What This Node Does
The Join node combines data from two datasets based on matching values in specified columns (join keys). Use it to enrich data by bringing in related information from another table—like adding customer details to orders or product information to transactions. [SCREENSHOT: Join node on canvas with two input connections showing “Joined 10,000 orders with 500 customers → 9,850 rows”]When to Use This Node
Use the Join node when you need to:- Enrich data - Add customer details to orders, product info to sales, category names to transactions
- Combine related tables - Merge orders with customers, transactions with accounts
- Lookup values - Add descriptions, labels, or metadata from reference tables
- Validate data - Verify records exist in reference table (inner join) or find missing matches (left join + filter)
Step-by-Step Usage Guide
1
Add Join node to canvas
2
Connect left input
Connect your primary dataset (e.g., orders) to the top input handle[SCREENSHOT: Orders node connected to top of Join node]
3
Connect right input
Connect your reference dataset (e.g., customers) to the bottom input handle[SCREENSHOT: Customers node connected to bottom of Join node]
4
Choose join type
Select Inner Join (only matches), Left Join (all left rows), Right Join, or Full Outer Join[SCREENSHOT: Join type dropdown with options]
5
Configure join keys
Select matching columns from left and right datasets. Add multiple key pairs for compound joins.[SCREENSHOT: Join key configuration showing left and right column selection]
6
Preview joined results
Tips and Best Practices
LEFT JOIN for Enrichment: When enriching your main dataset with lookup data, use LEFT JOIN to keep all main rows even if lookup fails.
Deduplicate Right Dataset: If the right dataset has duplicate join keys, deduplicate first with a Distinct node to avoid cartesian products and row explosion.
Check Row Counts: Note input row counts before joining. If output is 10x or 100x larger, you likely have a many-to-many relationship causing duplication.

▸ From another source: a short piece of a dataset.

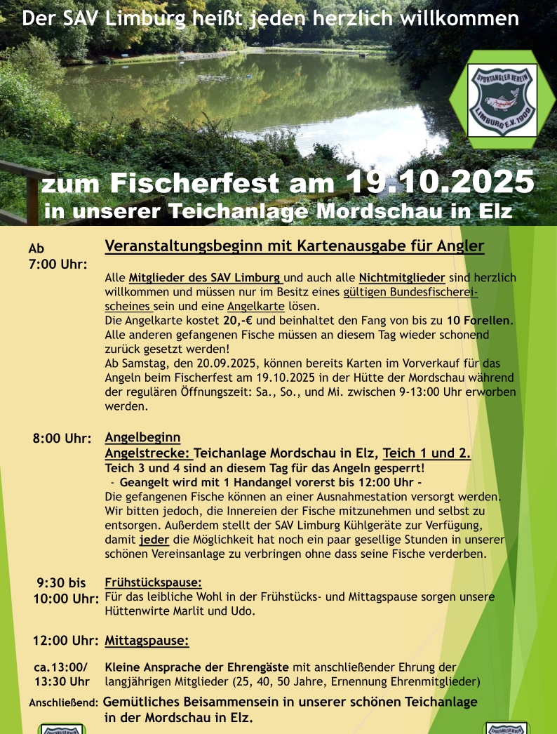 Der SAV Limburg heißt jeden herzlich willkommen zum Fischerfest am 19.10.2025
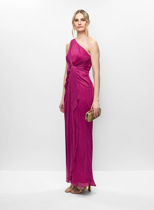 Metallic One-Shoulder Gown & Graduated Chandelier Earrings

Small Right = Fast: Keep the right dataset small by filtering and selecting only needed columns before joining. This dramatically improves performance.
Handle NULLs After Left Join: Use COALESCE in a Formula node after LEFT JOIN to replace NULLs with defaults:
COALESCE(customer_name, 'Unknown').Column Suffixes: When both datasets have columns with the same name, use the Suffix resolution option to add _left and _right suffixes for clarity.